AWS Access and Credentials
- AWS CLI was installed on the Jenkins build server.
- AWS Access Key [aws-access-key] and Secret Key [aws-secret-key] for an AWS user account were created and stored as Jenkins credentials.
- Ensure the AWS user has appropriate permissions to create AMIs and launch EC2 instances via Packer.
- The source AMI needed to create the custom AMI must be valid and located in the region.
GitHub Repository
- A GitHub repository was created by forking Safe Software’s official IaC repository GitHub - safesoftware/fme-server-iac-templates.
- A Jenkins credential entry was created for access to the repo [using webhook and personal access token] to ensure Jenkins can access Git.
- Git was installed on the Build server
Network and Permissions
- The Jenkins server must have internet access to download the FME Flow installer.
Pipeline Structure
Agent Declaration
agent { label 'build-server-1' }This ensures the job runs on the designated Jenkins agent (build-server-1) that has all the required tools: Git, Packer, AWS CLI, etc.
Parameters Block
parameters {
string(name: 'INSTALLER_URL', ...)
string(name: 'OWNER', ...)
string(name: 'FME_BUILD', ...)
string(name: 'SOURCE_AMI', ...)}This accepts user-defined inputs needed for the AMI build process:
-
INSTALLER_URL: Location of the FME installer from FME Downloads -
OWNER:Metadata tag for the owner of the to-be-created custom AMI -
FME_BUILD: Tag to identify the build version of FME -
SOURCE_AMI:Base AMI ID that Packer will use from the AWS AMI Catalog
Environment Variables
environment {
AWS_REGION = 'ca-central-1'}This sets the region where the AMI will be built. This is passed into Packer via the -var option.
Validate User Inputs
stage('Validate User Inputs') {
script {
if (!params.INSTALLER_URL?.trim()) ...}}This prevents the pipeline from proceeding if any required parameters are missing or incorrectly formatted. It is important for SOURCE_AMI validation to avoid launching a misconfigured Packer build.
Checkout Code
stage('Checkout Code') {
git branch: 'main', url: 'https://github.com/...'}This pulls the latest packer template and associated files needed to build the AMI from the GitHub repository.
Initialize Packer
stage('Initialize Packer') {
dir('AWS/packer') {
sh 'packer init fme_flow_aws.pkr.hcl'}}It sets up required Packer plugins and validates that the environment is ready for the build.
Validate Packer Template
packer validate -var "..." fme_flow_aws.pkr.hclThis step ensures the template is correct before attempting a build. Catching syntax or variable issues early avoids wasting build time.
Build AMI with Packer
packer build -var "..." fme_flow_aws.pkr.hcl | tee output.logThis triggers the actual AMI creation process. Packer uses the parameters and builds an EC2 instance, installs FME using the installer_url and creates a new AMI from the customized instance. This tee output.log ensures logs are saved for AMI ID extraction [This is an optional step].
Extract AMI ID [Optional]
grep -o 'ami-[a-zA-Z0-9]*' output.log | tail -n 2This pulls the last created AMI IDs from the Packer output log. This AMI ID can be passed to downstream jobs (like Terraform provisioning) or saved for audit.
Additional configuration
By default, the first login on the FME Flow Web UI as admin prompts a password change. If you want to access FME Flow via a pipeline using Flow CLI immediately after deployment, you need to set the silent install parameter FIRSTLOGINCHANGEPASSWORD=false when installing FME core.

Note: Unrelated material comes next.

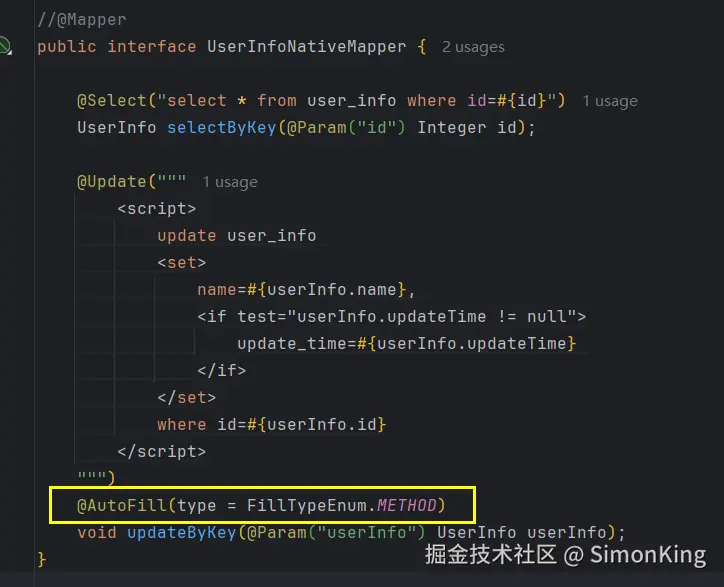 这里使用了注解的方式,如果updateTime不为空,才会更新。

On line 7 of the PowerShell script here [config/powershell/install-flow-core.ps1], add FIRSTLOGINCHANGEPASSWORD=false as shown below.

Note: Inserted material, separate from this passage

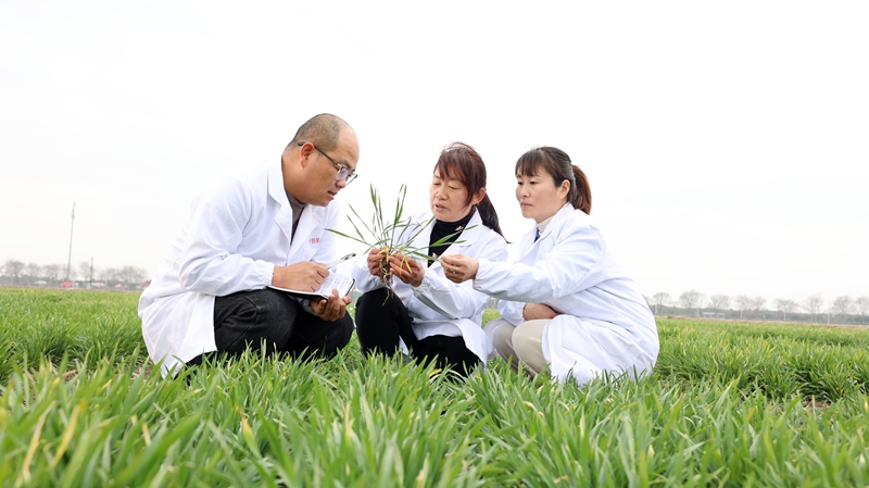 2月18日,龙亢农场公司农技人员对场区及周边托管田块的小麦进行返青期苗情动态监测。李峰  摄

After this change, the user login can persist as admin/admin after install. FME Flow does not enforce an immediate password change, allowing you to use the Flow CLI within your pipeline right after deployment without any additional login configuration.
Conclusion
This pipeline should provide you with two AMIs -one for Flow Core and one for Flow Engine.